You could see it from the grandstands, plain as day: the moment when Marc Marquez decided he was going to win the race.

Even Marquez himself can't explain how he keeps doing it. (Photo by Pete Hitzeman)

For the first ten laps, we were treated to the unexpected. Valentino Rossi made a rocket start from the second row of the grid ("like Ron Haslam," he would say after the race), delighting the fans by shooting through a gap into second place at the first turn, then carving up the inside of Andrea Dovizioso in turn two. Marquez found himself shuffled back to fourth through the opening section, and did not immediately begin storming back through, as we have so often seen from him.

Rossi continued to lead for the first few laps, drawing on some of that old Rossi Sunday Magic and displaying an aggression and pace that he had not shown through the practice sessions. Dovi made a try for the lead on lap five, and Rossi's counterattack sent them both wide, and Marquez into the lead.

With the way he has performed this year so far, you wouldn't be blamed for thinking the race was over at this point. But the Yamaha boys had other ideas. Rossi briefly found himself in third, but he wasn't through fighting yet, first overtaking his teammate and then exploiting a rare missed apex by Marquez to regain the lead before the end of the lap.

Rossi leads Dovizioso in the early laps. (Photo by Pete Hitzeman)

The lead group settled down for the next few laps, Marquez bracketed by the Movistar Yamahas of Rossi and Jorge Lorenzo. Then Lorenzo broke it all loose, squeezing inside of Marquez in turn one, and lining up his teammate for a move into turn two for the lead. Marquez had other ideas, cramming his Repsol Honda up the inside of both of them for first place, and successfully defending against Lorenzo's thrusts through turns three and four.

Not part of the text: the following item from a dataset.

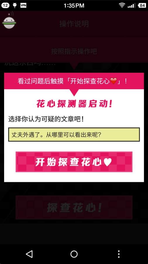 不会是花心吧是一款文字剧情类手游,游戏中需要玩家根据对方的对答来判断对象是否出轨,妹子们可以从游戏中学会一些辨别技巧,当然不要被游戏带的太过神经质咯。

And that's when it happened. That's when Marc Marquez decided to win.

He hit the front and immediately put a half second gap on Rossi, then dropped the hammer. Marquez' lap times dropped into the low 1:33s and high 1:32s for most of the rest of the race. Lorenzo got past Rossi on lap 15 and gave chase, but Marquez responded with a blistering octet of laps, all within two tenths of a second. Lorenzo gave everything he had, setting his three fastest times of the race in the final three laps, but there was no catching Marc.

Rossi was pleased with a podium finish, but has mixed feelings heading into Brno. (Photo by Pete Hitzeman)

Marquez' lead in the championship is now an incomprehensible 89 points, which means he could take a vacation until the end of September and still walk into the pits at Aragon with the points lead. He continues to shred every page in the record books, this weekend matching Giacomo Agostini and Mick Doohan for most consecutive wins in a season.

His domination this year would be boring, if it wasn't so astonishing. He's winning in every imaginable fashion, in every conceivable circumstance. Even he doesn't quite understand how his winning streak continues to stay alive.

"I cannot explain," he said after taking his tenth consecutive victory. "Every race, I go to the weekend and I say okay, here maybe is the time to finish second or third. Here will be the time that I struggle. But every race I feel so very strong."

In the post-race press conference, the looks on the faces of the Yamaha men were telling. Lorenzo looked very serious, pleased enough to be nearer to victory than he has been for most of the season, but unsatisfied. Rossi was cheerful, but his fatigue from chasing his younger rivals was apparent whenever the cameras weren't pointed at him.

The light at the end of the tunnel may be growing nearer for both of them. The braking stability that Yamaha has been hunting all season seems to be coming together, Rossi is riding much like himself of old, and Lorenzo is finding his form again. Next up are two tracks, Brno and Silverstone, whose flowing layouts favor the strengths of the Yamaha chassis.

Lorenzo was all business, after the race. (Photo by Pete Hitzeman)

There were also further signs of hope for the beleaguered Ducati program, which saw its riders higher on the timesheets through practice and qualifying. Andrea Dovizioso was cheerful in interviews, happy that his team continue to make incremental improvements round by round. This weekend, it was a revised motor which gave better acceleration through the top three gears. This allowed Dovi to qualify on the front row, challenge Rossi for the lead for the first five laps, and hang onto the lead group for several laps thereafter. The Ducati still struggles with tire life, and Dovi predictably faded in the later stages, but it was a net positive on the weekend for Ducati.

The whole circus starts over again in a few days at Brno in the Czech Republic. It seems unlikely at this point that Marquez will make a mistake large enough for the Yamaha men to end his streak, but it's anyone's guess when either Rossi or Lorenzo will find a pace sufficient to steal a victory outright. Until either of those things happen, the world can only stand by in awe of the historic season we are witnessing.